Project

General

Profile

Actions

Feature #18368

open

Range#step semantics for non-Numeric ranges

Added by zverok (Victor Shepelev) 6 months ago. Updated 4 months ago.

Status:
Open
Priority:
Normal
Assignee:
-
Target version:
-
[ruby-core:106314]

Description

I am sorry if the question had already been discussed, can't find the relevant topic.

"Intuitively", this looks (for me) like a meaningful statement:

(Time.parse('2021-12-01')..Time.parse('2021-12-24')).step(1.day).to_a
#                                                         ^^^^^ or just 24*60*60

Unfortunately, it doesn't work with "TypeError (can't iterate from Time)".
Initially it looked like a bug for me, but after digging a bit into code/docs, I understood that Range#step has an odd semantics of "advance the begin N times with #succ, and yield the result", with N being always integer:

('a'..'z').step(3).first(5)
# => ["a", "d", "g", "j", "m"]

The fact that semantic is "odd" is confirmed by the fact that for Float it is redefined to do what I "intuitively" expected:

(1.0..7.0).step(0.3).first(5)
# => [1.0, 1.3, 1.6, 1.9, 2.2] 

(Like with Range#=== some time ago, I believe that to be a strong proof of the wrong generic semantics, if for numbers the semantics needed to be redefined completely.)

Another thing to note is that "skip N elements" seem to be rather "generically Enumerable-related" yet it isn't defined on Enumerable (because nobody needs this semantics, typically!)

Hence, two questions:

  • Can we redefine generic Range#step to new semantics (of using begin + step iteratively)?

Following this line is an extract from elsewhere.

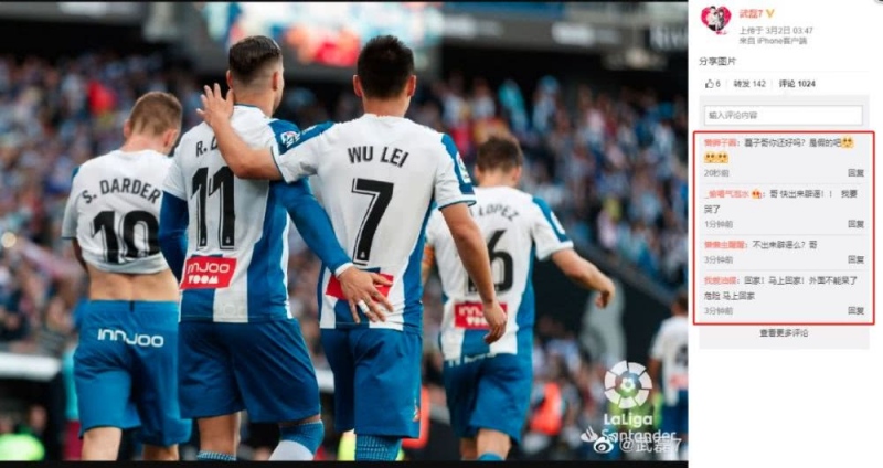 音讯曝光后,武磊的微博瞬间被攻陷。武磊发布的最新一条微博,是来自3月6日的一次推行,现在现已有许多球迷在该条微博下留言,问询他是否安全。而他的微博现已长达15天没有更新,球迷依然期望“国足一哥”能报个安全,哪怕辟个谣。

It is hard to imagine the amount of actual usage of the old behavior (with String?.. to what end?) in the wild
  • If the answer is "no", can we define a new method with new semantics, like, IDK, Range#over(span)?

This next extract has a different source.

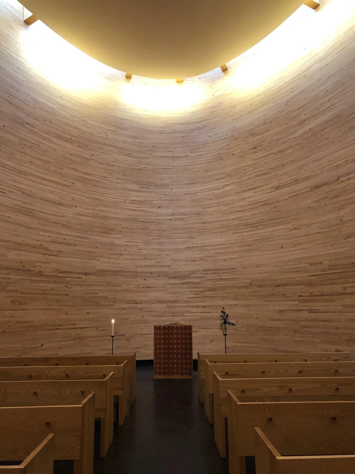 사우나에서 나와 차가운 바람을 맞으며 머리를 식혔다. 시내 광장에서는 크리스마스 마켓이 한창이다. 헬싱키에서의 마지막 일정으로 캄피Kamppi 예배당에 들렀다. 온전히 나무로 만든, 그것도 구부러진 곡선의 나무와 빛으로만 이루어진 자연주의 예배당. 돌은 모양 그대로 쌓을 수밖에 없지만, 나무는 구부릴 수 있다. 직선이 없는 완전한 곡선의 공간을 채운 공기는 하늘에서 내려오는 부드러운 빛과 잘 어우러진다. 아담한 예배당의 작고 오목한 공간에 앉아 있으면 나만의 둥지에 푸근하게 안겨 있는 것 같다. 뾰족하고 높은 첨탑도, 신성하게 우러러볼 십자가도 없이, 오로지 나무로 된 이 따스한 교회는 자신에게 침잠한 빛으로 둘러싸인 고요한 공간을 준다. 그곳엔 오직 빛과 온기와 모든 것을 부드럽게 녹여내는 공기뿐. 이곳에서는 나쁜 마음도 사그라든다. 오직 부드러운 마음, 선한 마음만이 남는다. 그것이 종교의 본질이겠지. 캄피 예배당은 그렇게 나무와 빛과 공기만으로 신성함을 만든다.

Updated by mame (Yusuke Endoh) 4 months ago

This topic was discussed at the dev-meeting yesterday.

A naive implementation (using begin + step iteratively) will allow the following behavior.

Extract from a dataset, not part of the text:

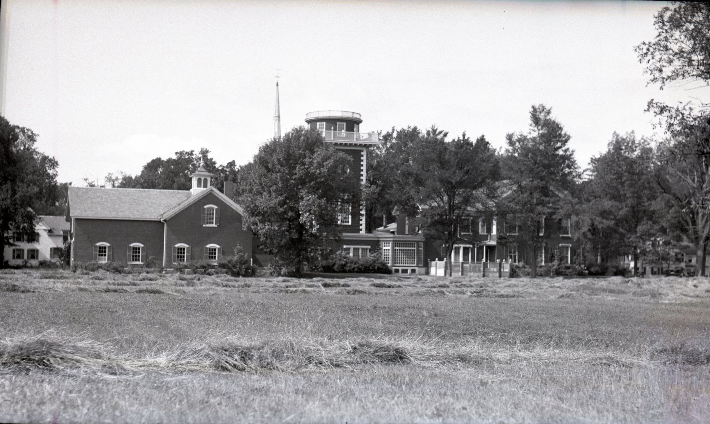 Photograph of the Deering Mansion, circa 1930s, taken by Frank Cutter Deering (1866-1939). In the foreground is "Hartley Field."

([]..).step([1]).take(3)        #=> [[], [1], [1, 1]]
(Set[1]..).step(Set[2]).take(3) #=> [Set[1], Set[1, 2], Set[1,2]]

@matz (Yukihiro Matsumoto) was okay to allow (timestamp1...timestamp2).step(3.hours), but wanted to prohibit the above behavior. We need to find a reasonable semantics to allow timestamp ranges and to deny container ranges.

Updated by zverok (Victor Shepelev) 4 months ago

@mame (Yusuke Endoh) @matz (Yukihiro Matsumoto)
I believe that "step implemented with +" is clear and useful semantics which might help with much more than time calculations:

require 'numo/narray'

p (Numo::NArray[1, 2]..).step(Numo::NArray[0.1, 0.1]).take(5)
# [Numo::Int32#shape=[2] [1, 2], 
#  Numo::DFloat#shape=[2] [1.1, 2.1],
#  Numo::DFloat#shape=[2] [1.2, 2.2],
#  Numo::DFloat#shape=[2] [1.3, 2.3],
#  Numo::DFloat#shape=[2] [1.4, 2.4]]

What's unfortunate in @mame's example is rather that we traditionally reuse + in collections for concatenation (it isn't even commutative!), but that's just how things are.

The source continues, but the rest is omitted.